Work instructions:
Transcribe the lines below exactly, beginning with the line that holds "As you enter" and ending with the final line, both included. Pictures are to be left out.

Start of Block

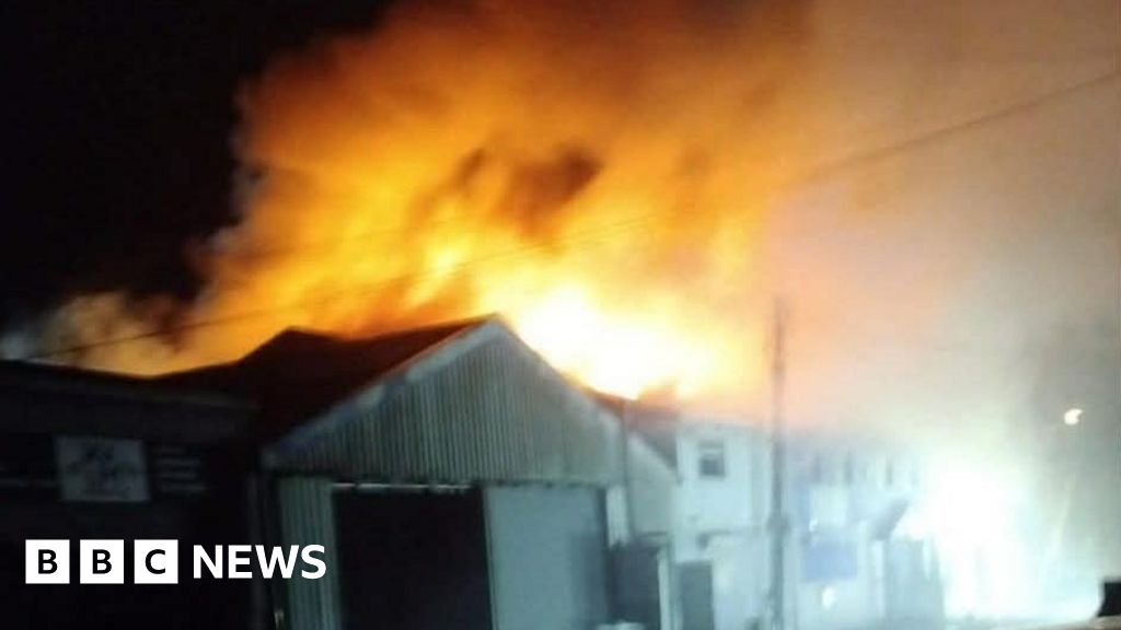 James WilkinsScores of firefighters have been tackling a large blaze on an industrial estate.
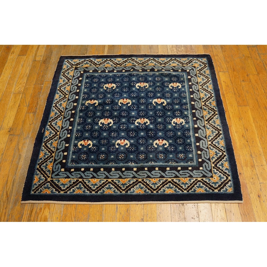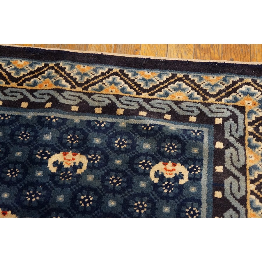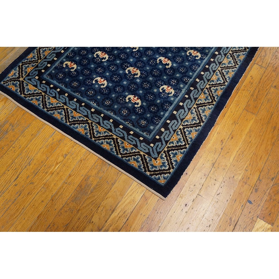 DescriptionChineseCarpets made in China proper. See entries Ningshia, Peking, Art Deco. Chinese - NingxiaThe western Chinese province of Ningshia has a mostly Muslim population and is the source of many of the oldest Chinese carpets of the modern (Ming Dynasty and later) era. The designs are typically Chinese: fretwork or Greek key boarders, pacony palmettes, bats, butterflies, Fu dogs, clouds, dragons, shou symbols, etc. Pollar carpets designed to wrap around monastery columns and displaying a dragon above waves are a specialty. The weave is coarse and soft, with several wefts between knot rows and a longish pile. Yellow golds, dark and light blues are common colors. The outer most plain border on pre 1800 examples is a corrosive brown. Formats include: large square throne carpets, paralleled meditation runners, chair seats and scalloped backs. | |
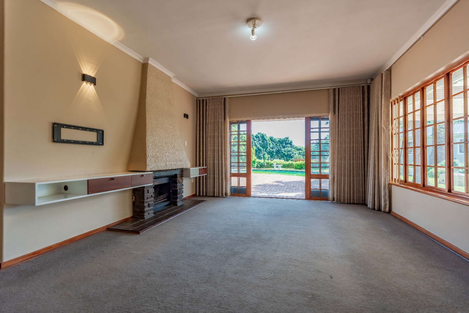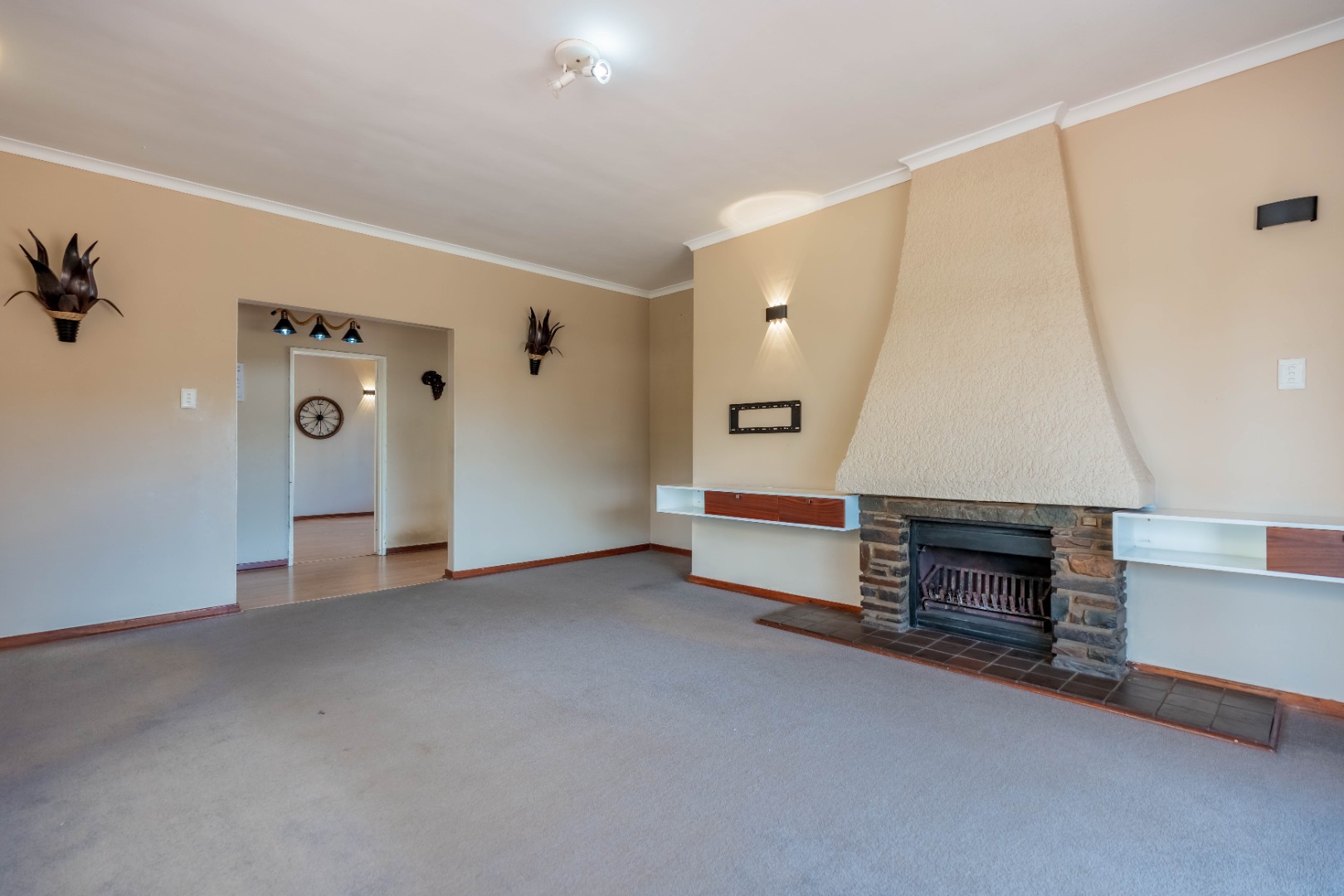 As you enter the home, you’re welcomed by a spacious lounge to your left, complete with a cozy fireplace. The lounge flows seamlessly onto a covered patio, overlooking a sparkling pool and a level, child-friendly garden – ideal for entertaining and relaxed family living.
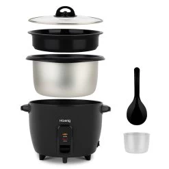 Erhalten Sie perfekten Reis mit dem Reiskocher ORYZA8 von H.Koenig! Mit einer Leistung von 700 Watt und einem Fassungsvermögen von 1,8 Litern können Sie für bis zu 10 Gäste kochen. Sie brauchen sich nicht mehr um das Kochen zu kümmern, es geschieht automatisch und gelingt immer. Nach dem Kochen hält Ihr Kocher den Reis bei optimaler Temperatur, so dass er jederzeit genossen werden kann. Er eignet sich für alle Reissorten (Basmatireis, Thai-Reis, brauner Reis usw.). Mit dem integrierten Dämpfkorb können Sie Gemüse, Fisch und Geflügel garen und so Ihre Rezepte erweitern. Ein Messbecher und ein Löffel sind ebenfalls im Lieferumfang enthalten. Die abnehmbare, antihaftbeschichtete Schüssel ist leicht zu reinigen und spülmaschinenfest.
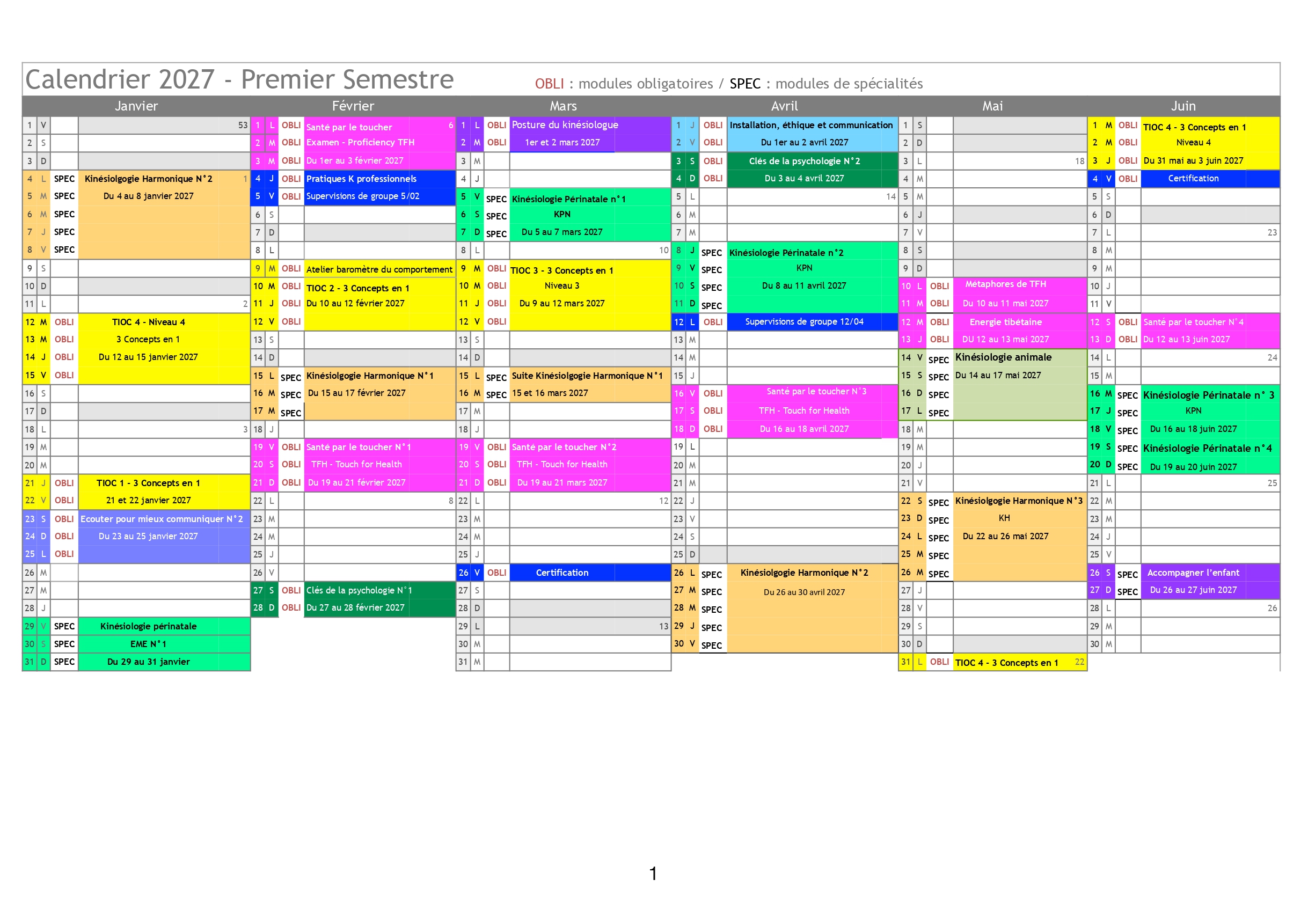 Planning des cours 2026/2027
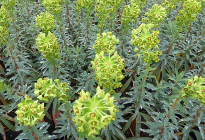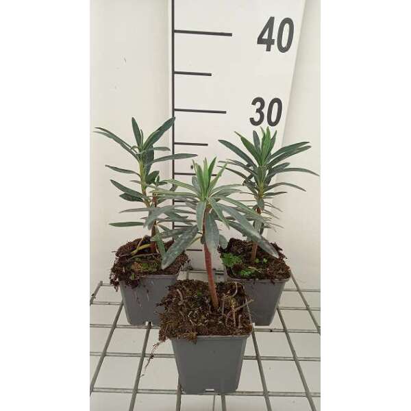 Euphorbia characias 'Blue Wonder' is een compacte, bossige wintergroene vaste plant met aantrekkelijke, zilverblauwe lineaire bladeren.

End of Block

Reply to the exercise:
 As you enter the home, you’re welcomed by a spacious lounge to your left, complete with a cozy fireplace. The lounge flows seamlessly onto a covered patio, overlooking a sparkling pool and a level, child-friendly garden – ideal for entertaining and relaxed family living.
 Erhalten Sie perfekten Reis mit dem Reiskocher ORYZA8 von H.Koenig! Mit einer Leistung von 700 Watt und einem Fassungsvermögen von 1,8 Litern können Sie für bis zu 10 Gäste kochen. Sie brauchen sich nicht mehr um das Kochen zu kümmern, es geschieht automatisch und gelingt immer. Nach dem Kochen hält Ihr Kocher den Reis bei optimaler Temperatur, so dass er jederzeit genossen werden kann. Er eignet sich für alle Reissorten (Basmatireis, Thai-Reis, brauner Reis usw.). Mit dem integrierten Dämpfkorb können Sie Gemüse, Fisch und Geflügel garen und so Ihre Rezepte erweitern. Ein Messbecher und ein Löffel sind ebenfalls im Lieferumfang enthalten. Die abnehmbare, antihaftbeschichtete Schüssel ist leicht zu reinigen und spülmaschinenfest.
 Planning des cours 2026/2027
 Euphorbia characias 'Blue Wonder' is een compacte, bossige wintergroene vaste plant met aantrekkelijke, zilverblauwe lineaire bladeren.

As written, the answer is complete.